Abstract: Session G 3:50 pm (Back to Session G)
Dam! What to do about Beavers?
Forest Hill, MD
Authors: Scott McGill and Rachel Ortt, Ecotone, Inc.
Many ecological restoration projects which include riparian restoration, floodplain reconnection, and conservation easements create ecological conditions favorable to colonization by the North American Beaver (Castor canadensis). Projects have often struggled to meet success criteria due to beaver colonization during monitoring. While trapping may be efficient in the short-term, adaptive management via flow devices provides a long-term, cost-effective solution while maintaining water quality and wildlife habitat.
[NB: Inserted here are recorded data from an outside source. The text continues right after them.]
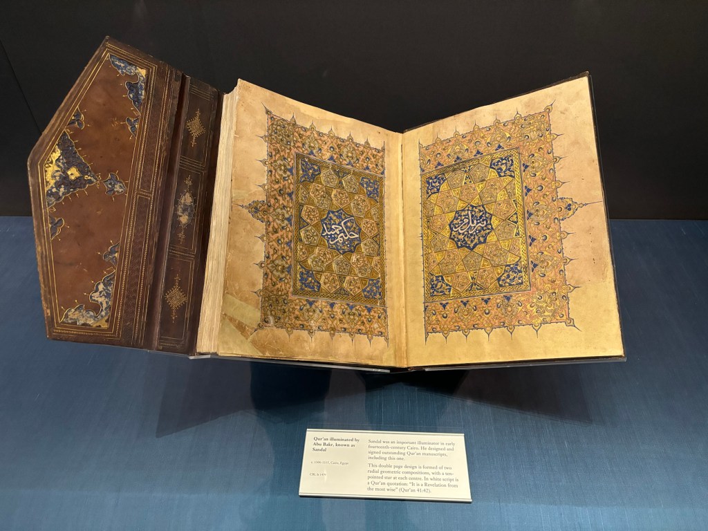 The second floor also displays literary exhibits but it is dedicated to sacred texts from various world religions, including Christianity, Islam, Buddhism, or Hinduism, and smaller explanatory sections dedicated to specific disciplines like Sufism, Sikhism, Daoism, Zen… I liked that the accompanying texts didn’t just explain the works on display but also gave concise explanations of each religion and its core practices and beliefs.
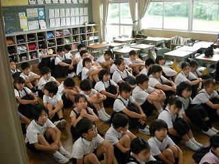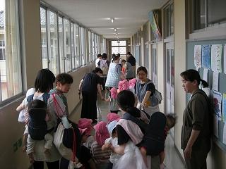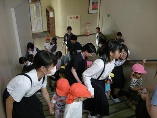 大雨により大海川が増水したという想定で、長休みの時間に、大海こども園と合同で水害避難訓練を行いました。園児たちは外階段と職員玄関の2か所から校舎に入って、3階まで上がり、大海小1~4年生は各教室から3階に上がりました。6年生は園児の避難誘導を行いました。学校ではこのように避難しますが、一昨年の大雨の時のように、各自が家にいる時、洪水の危険性が高まったらどう行動するのか、ぜひ家の人と話しておいてほしいと思います。
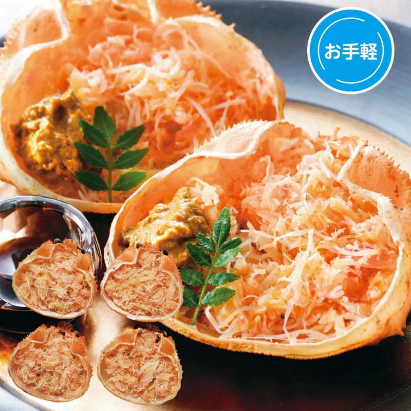【お手軽】繊細な旨みが特長のオオズワイ蟹を蟹味噌とともに甲羅へ盛付け。かに本来の美味しさを手軽に楽しめます。
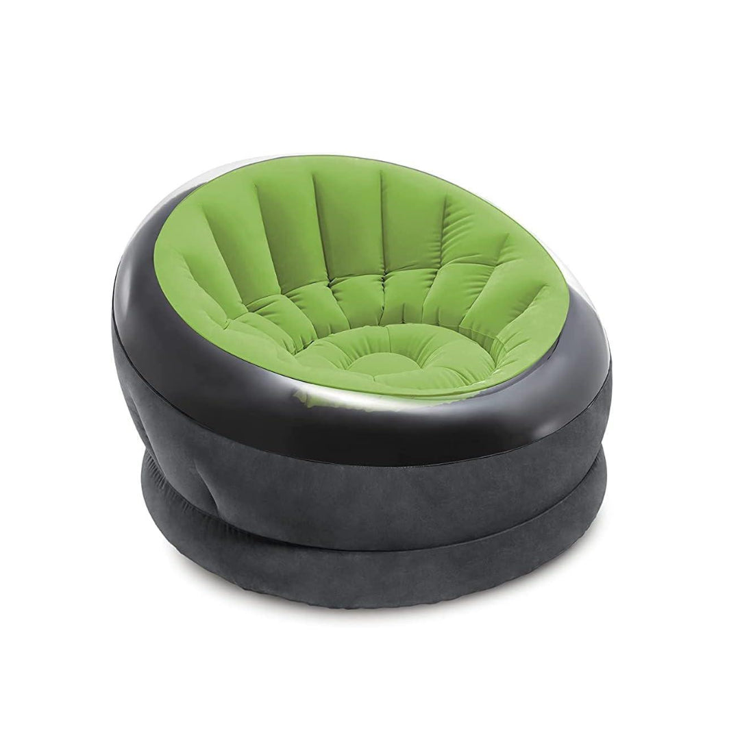 The Intex Empire Chair (Model 68582) is a stylish and comfortable inflatable chair designed for both indoor and outdoor use. It features a modern design with a transparent trim and comes in three vibrant colors: green, pink, and orange. The chair is made with a soft, waterproof flocked surface on the top and sides, while the reinforced 2-ply vinyl bottom adds extra durability. Its contoured shape provides excellent support, making it ideal for lounging, gaming, or simply relaxing. An additional chamber can be filled with water to keep the chair stable, ensuring a secure seating experience. With dimensions of 112 cm in length, 109 cm in width, and 69 cm in height, it offers a spacious and cozy feel. The chair can support up to 100 kg and is easy to inflate and deflate, making it a convenient option for those looking for a portable and stylish seating solution. However, an air pump is not included and must be purchased separately.
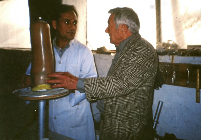 Rudolph Jaerschky is getting informed by Wali Nawabi on the work of the orthopaedic workshop. In Kabul the orthopaedic workshops were our main interest. We visited the workshop of Wali Nawabi and witnessed the operation of the Kabul Orthopaedic Organisation that is cooperating with Wali Nawabi. We were impressed by the commitment of the staff and the quality of their work.
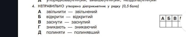 4. НЕПРАВИЛЬНО утворено дієприкметник у рядку (0,5 бала)
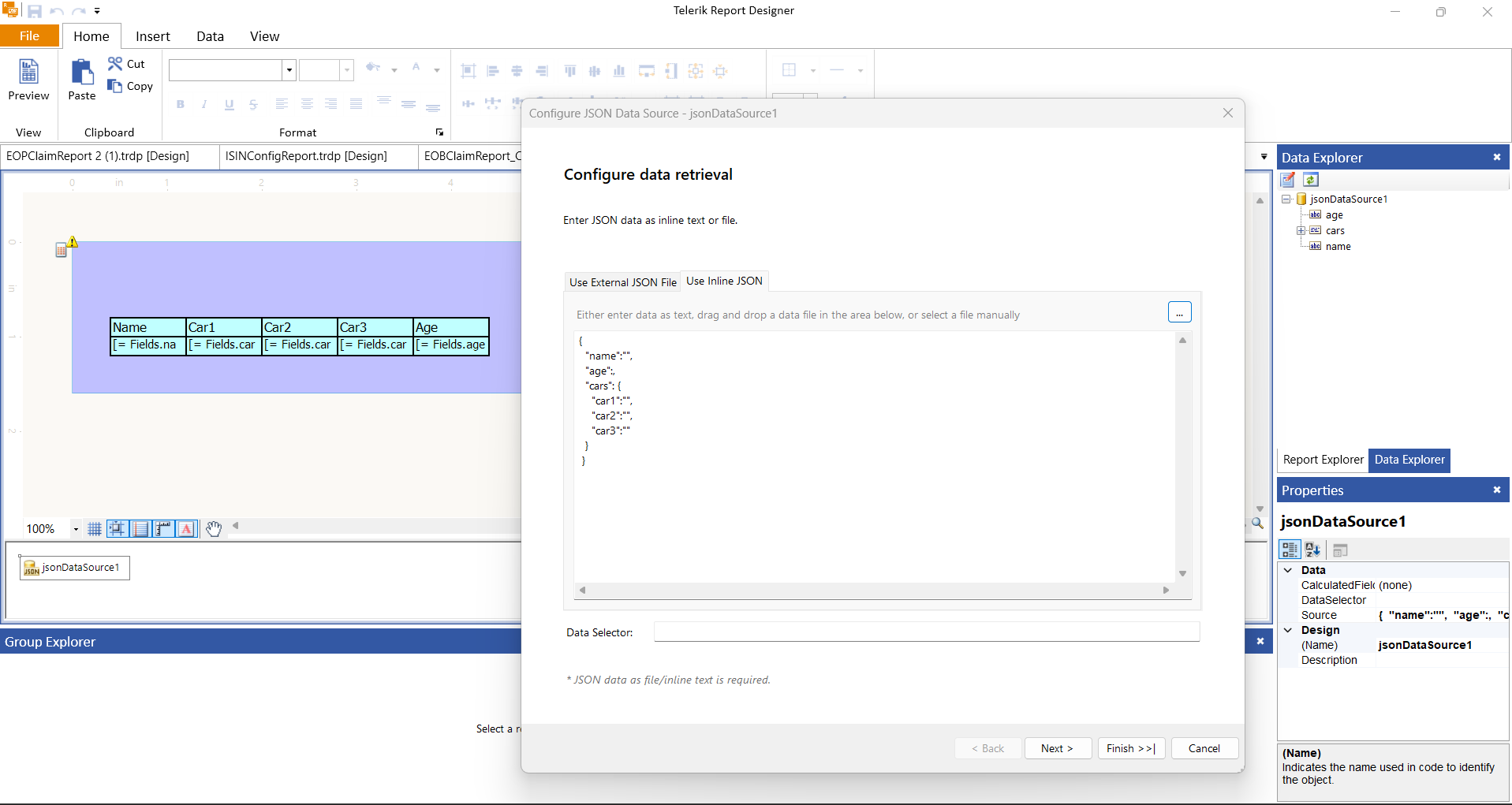 The help I need is with the stand-alone designer. If I use your JSON object through parameters method, I will be passing 14 parameters, and they will all be objects. I can create the parameters, but in the designer, there will be no fields to map to the report. How do I map a property of an object passed as a parameter to a control in the designer. I imagine the properties will be unknown to the designer and I will just have to know what they are.

Designing a project to anticipate and encourage colonization of beaver and dam building as part of the project’s long-term ecological performance can utilize the ecosystem services provided by beaver to provide not only long-term dynamic resilience to their projects, but can also reduce risk and costs. Adaptive management techniques and methods which encourage and tolerate beaver activity will be reviewed, including installation of flow devices, planting regimes to develop food sources, floodplain reconnection to maximize stream power distribution across the floodplain, designing for long-term aggradation, and incorporating analog dams within a design. Adapting traditional stream restoration monitoring and success criteria to anticipate and embrace beaver colonization as a sign of project success will also be discussed.